2) Most phones are also fixed aperture, I've only seen f/2.2 on my shots. Pretty wide open. Hyperfocal anyone?

3) Exposure controls are on screen. You have to dick around with them as you're composing, tapping the screen and making your phone shake.

There are a bunch others, those are just the first off the top of my head.

Now, this may not make your statement false. You may not care about any of those, so your phone is equivalent functionality to you. But there still is a loss.

Comment Are they good enough already? (Score 1) 422

Whenever any one asked me about cameras, I always thought that whatever you have is best. One of my favorite photogs is Brassai. He ran around Paris, with I think the equivalent of 100 or 200 ISO film, and came out with some of the best b/w pics. I have an old IXUS i picked up on vacation (read: Elph series here in the US) and it's probably technically better than anything Brassai had. But I can't take anything like he took.
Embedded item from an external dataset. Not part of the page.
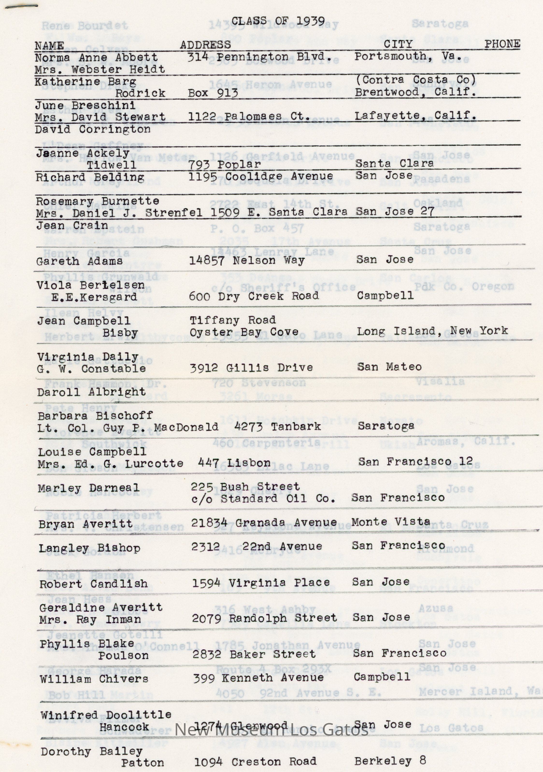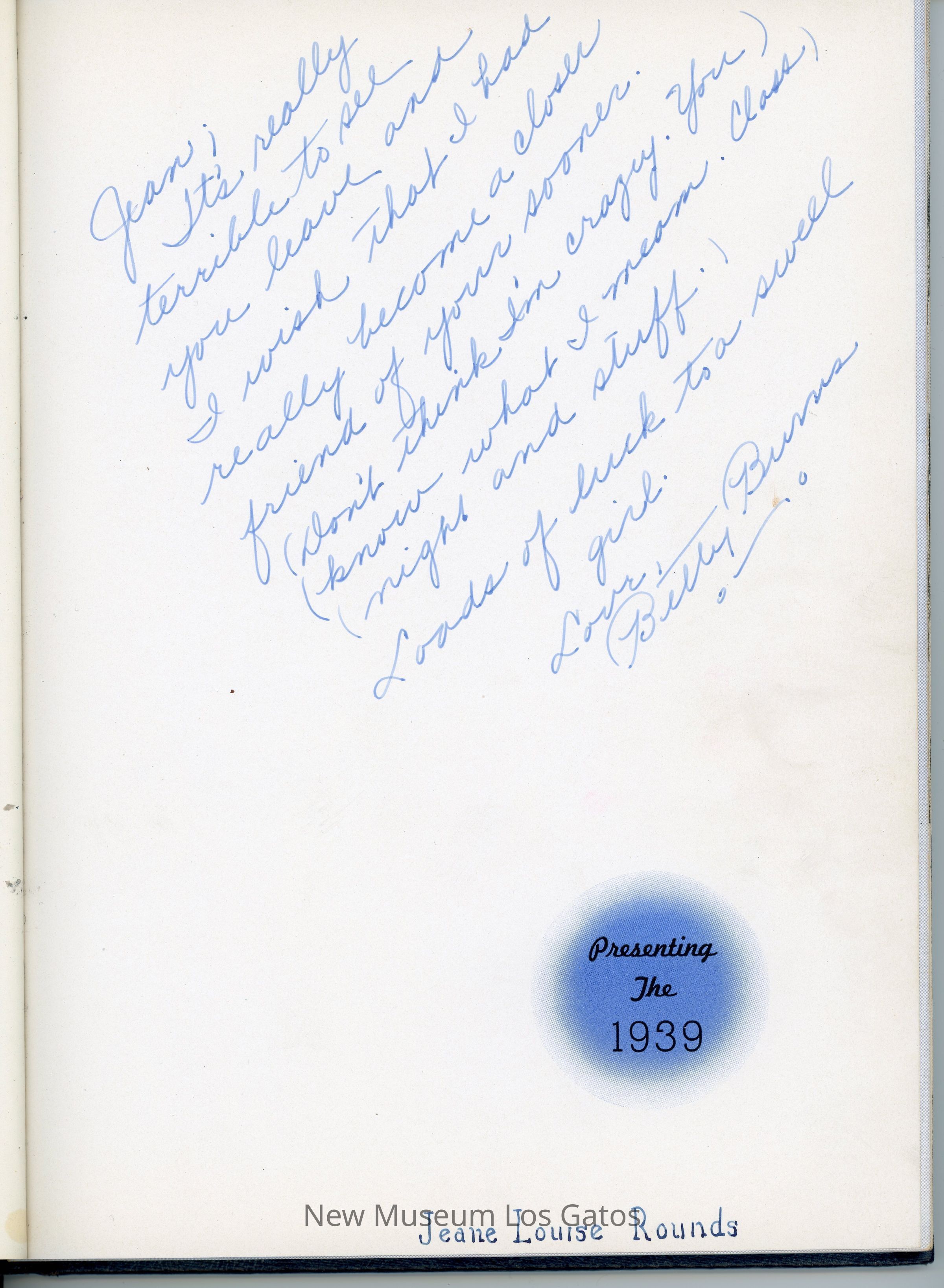 The Wildcat, a hardcover literary magazine/yearbook published by the students of Los Gatos High School in June 1939, volume number 42. Issue number is not specified in this particular issue. Inside the yearbook is a black and white photograph of the class of 1939 in graduation robes, a handwritten list of people, a typed list of the class of 1939 and their addresses, and a drawing of a monogram of the owner of the yearbook.Collection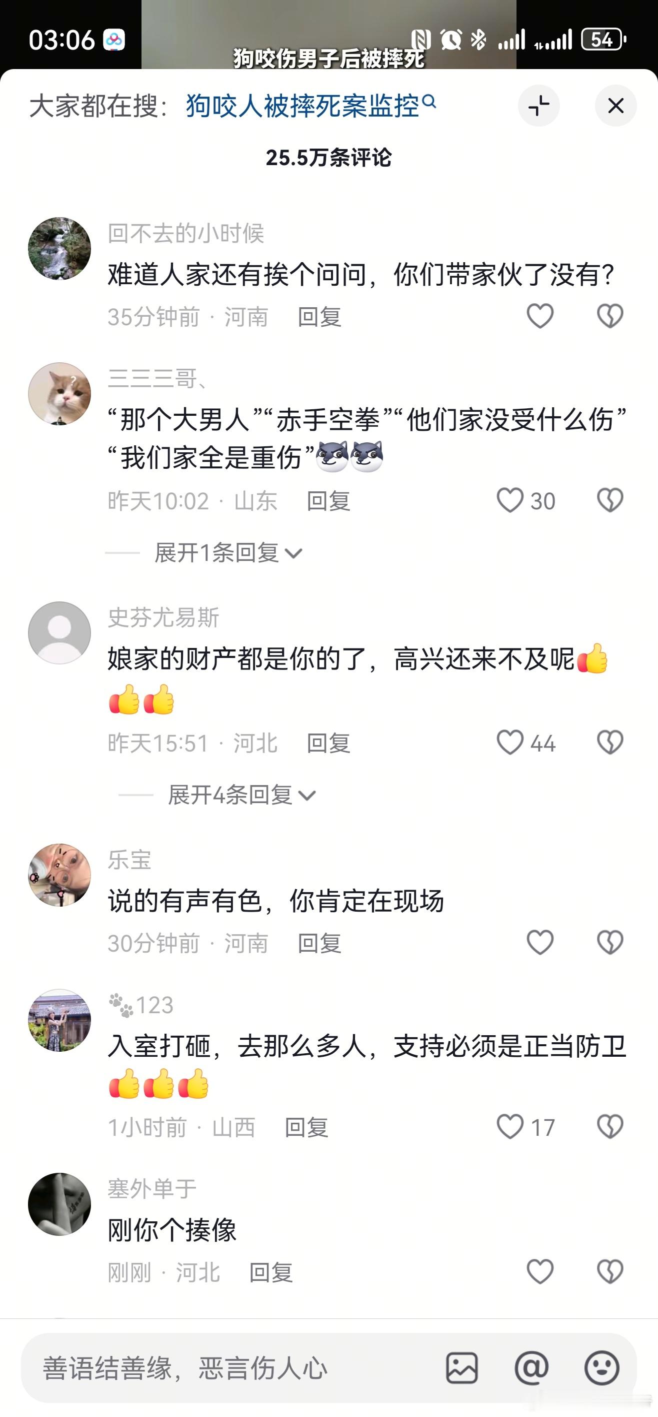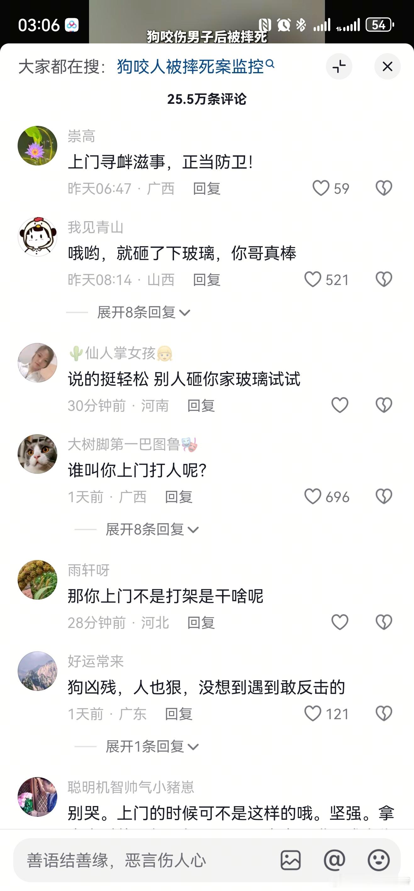 省流版,给你们汇总了下下狗咬人被邻居摔死后,主人上门打砸却被反杀的一些细节:~ 被告人家门是锁的,并不是网传的处于敞开状态; ~ 破坏被告人门窗,手持铁锹等物品; ~ 先行殴打被告人,且多人动手; ~ 被告人有退让行为最终被逼至墙角; ~ 被告人一家共报警五次;正常人,哪叫得来9个人为自己血拼的?所以你觉得被告人属于正当防卫吗?

Comment Re:Tsk. And they wonder where employee loyalty wen (Score 2) 331

If corporations want to be people, then corporations are sociopaths.

Corporations take from the environment - did IBM pay for the roads that lead to their businesses? How much of their gear is connected to the Internet, which is a US government/government sponsored university invention. But we're always told "corporations need to take take take only never give".

That is one kind of capitalism, not the only kind. The Japanese practice stakeholder capitalism, which means you think about everyone involved. You might say "hey look at their economy", but they shot themselves in the foot with bad fiscal policy and they have horrible demographics. Stakeholder capitalism is not doing them in.

Comment Re:Radical Left allowed to run a country... (Score 2) 328

Though unlikely to change your opinion, Krugman has an interesting piece on how they're not so radical after all, but pretty much following textbook macro. Don't like Krugman? Well, he predicted the economic quagmire that we're in now. Bill Gross was so off he got kicked out of his own firm.

If you're reactionary, everything pretty much looks like radicalism,

Comment Effort in policing is a a feature, not a bug (Score 4, Insightful) 392

The Constitution put in barriers to policing. It's a filter, making it cost a bit if you want to go after someone. This doesn't totally eliminate the threat of tyranny, but it slows it down quite a bit.

So, this clown is saying "hey, if you don't let us do this low effort illegal spying, we're gonna do high effort illegal spying". Even if he's right, this is still good news to me. You need to put shoes on the ground to go after folks. I can't do a blanket surveillance on everyone, no more LOVEINT illegal spying just because you can. I think this is better than even stronger laws. I can ignore the laws of man, but harder to ignore the laws of economics.